Aside from my reservations about having a child through a donor, I had all the usual concerns about having another child–would I have enough time and money to be the kind of parent to two that I was able to be to one? A few years after I had committed to #2486 but still had not moved forward with actually having this child, I met a woman who had four kids under the age of 12. We fell in love and we married. Marrying Beatrice and blending our families was a radically more complicated choice than life with one more kid courtesy of  #2486 would have been. But it was the choice I wanted–the choice about which I didn’t vacillate or even slightly hesitate the way I always had with #2486.

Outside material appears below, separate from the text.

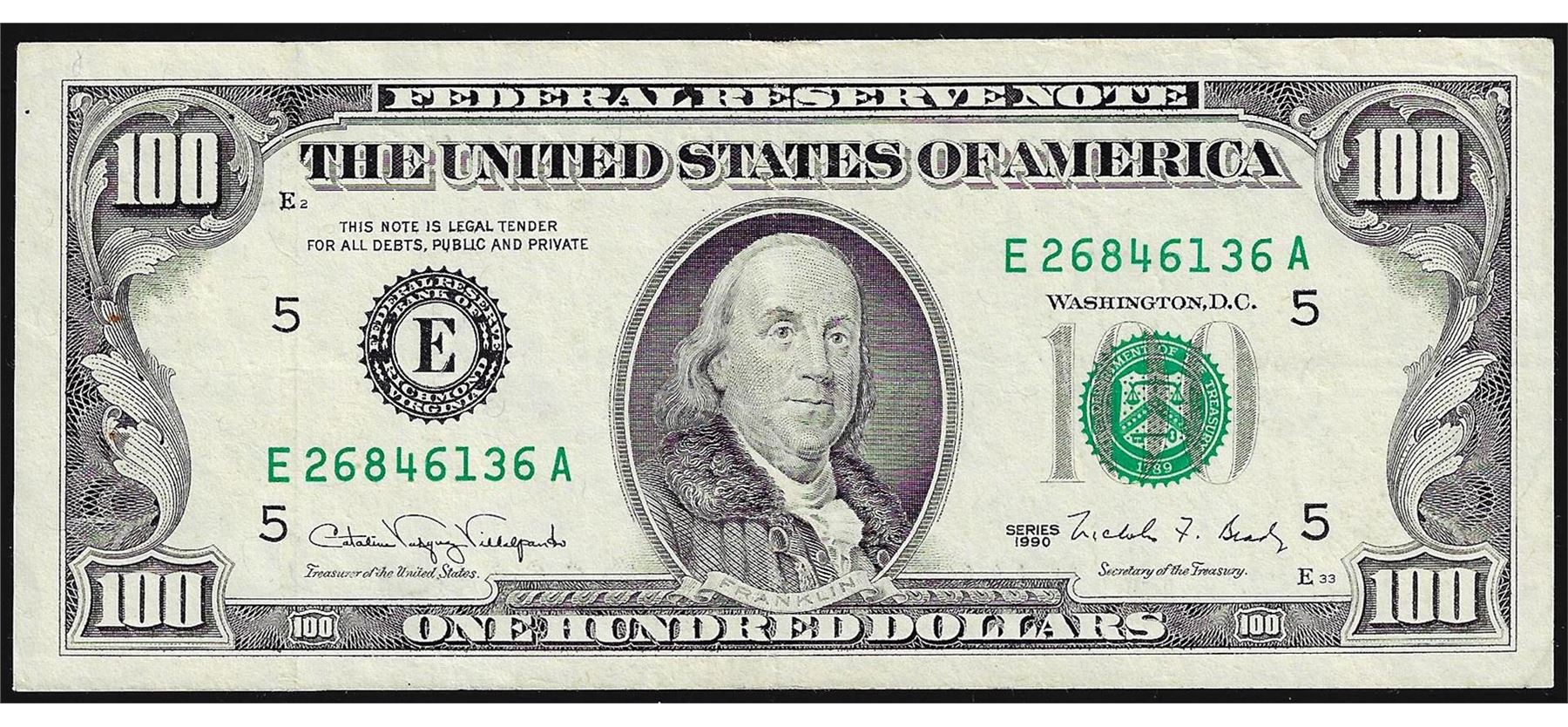 One 1990 $100 Federal Reserve Note.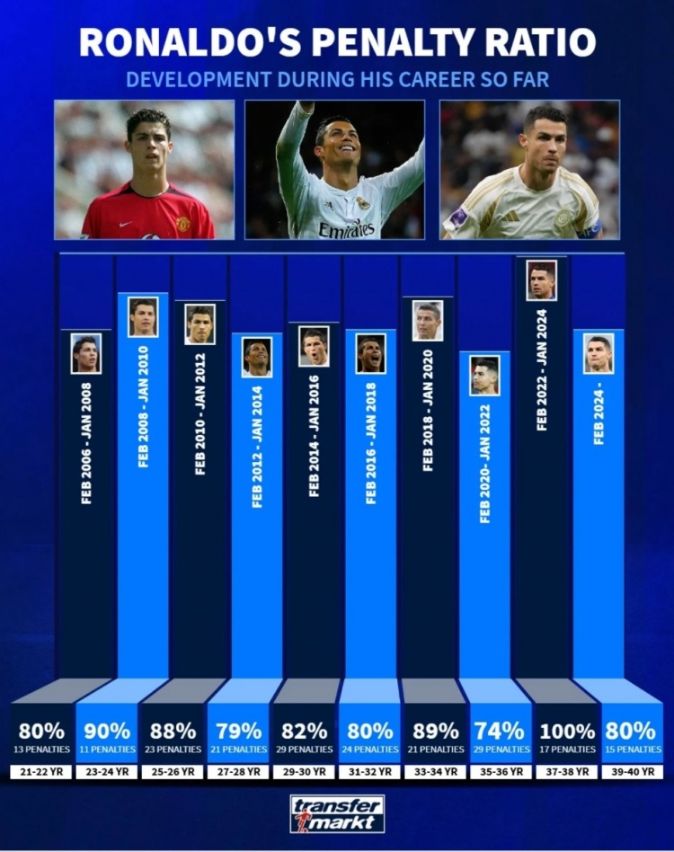 3月24日訊 德國轉(zhuǎn)會(huì)市場統(tǒng)計(jì)了C羅不同年齡段的點(diǎn)球命中率,并排出列表,C羅37到38歲點(diǎn)球命中率100%最高,39到40歲點(diǎn)球命中率80%。

And yet while I knew there was really no place in our crazy overflowing house and life for another pregnancy and another child, I somehow held onto #2486 by not stopping the $300 a year automatic pay from my credit card to the cryobank that housed his sperm. It wasn’t a secret I was keeping the way some people hang onto old lovers through Facebook. It was more a combination of unfinished fantasy and unfinished business. I even wondered at one point if my female partner would have any interest in carrying a child courtesy of #2486. So one quiet night after the kids were in bed and we were watching the fire in the fireplace, I broached the subject. She said that she was pretty much done with being pregnant, and that, anyway, #2486 probably wasn’t her type. Of course she was right on both counts. So, when the next renewal came up for his storage, I discontinued my hold on #2486, and his future offspring. I released his sperm into the universe…millions of friendly flagellates freely swimming off with vast energy and promise.

I have now been married to Beatrice for five years, longer than my first marriage, longer than any previous relationship, and longer than I held onto #2486. I am not sorry I never had children with #2486. And I’m not sorry that I spent so much time planning something that I never really felt comfortable doing. In the end #2486 gave me possibilities, freedom to choose, and the luxury of time.

I recently went online to revisit the same cryobank I had used to see what the business, and maybe #2486, were up to. There is no sign of #2486. He, like me, has moved on. As far as the cryobank? Much has changed in what is now available to people shopping for sperm. Now you can see handwriting samples of your donor. Now you can see childhood photos of your donor. Now you can be told which three celebrities your donor most looks like. I am not even slightly exaggerating. If #2486 is out there, I bet he’s thinking what I’m thinking–that life was so much simpler back when we were doing the dance we did. I guess we were just old-fashioned.